He couldn't believe that some people didn't like art, much less didn't believe that art could change the world. He was irked by anyone who watched movies just to escape. Annoyed by anyone who could possibly forget a film they had seen. And blown, just blown away, by anyone whose head rolled before the credits.

I clearly had a narrow vision of what it means to be an artist -- or change the world. Those days, I was the idealistic young art student.

These days, I delete more emails than I read. I want more phone calls than I make. I belong to more museums than I attend. I find petitions preferable to protest. My books are mostly for decoration. Art is something I scroll past like so many baby pictures. These days, I get my news from Comedy Central, and sometimes I can't recall the guest. I realize halfway through a movie that I've watched it before. I watch movies to escape. I rent documentaries, but I watch comedies. Feels like free therapy -- an appointment that requires no pre-approval and no separate copay. These days, it seems I'm more Bullock than Bergman. The only thing I study is the clock. The only class I'm in is the upper middle.

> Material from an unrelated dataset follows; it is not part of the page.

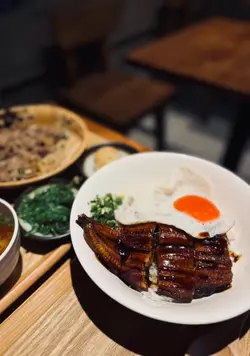 黯然銷魚飯有蔥花、煎蛋、鰻魚又係先俾隻太陽蛋先吸引,鰻魚差唔多有大半條,厚肉,肉質嫩滑,鰻魚汁掛在鰻魚上面。加上蔥花除咗增添色彩還提升了層次感,又一送飯之選。

And it kills me that I talk about writing far more than I write...

Idea after idea after idea -- just germinated -- is left to whither and die as another day smacks me in the face, pins me down, and in spite of my full bladder, repeatedly taps at my chest. My woes are weeds, and I'm too often not up for the cultivation.

I never want to be that idealistic young art student again. He was a naive, wide-eyed kid who bleached his hair and bee lined it over to Pac Sun for a pair of JNCO's the second someone said, "Yeah, these are JNCO's. Cool, right?"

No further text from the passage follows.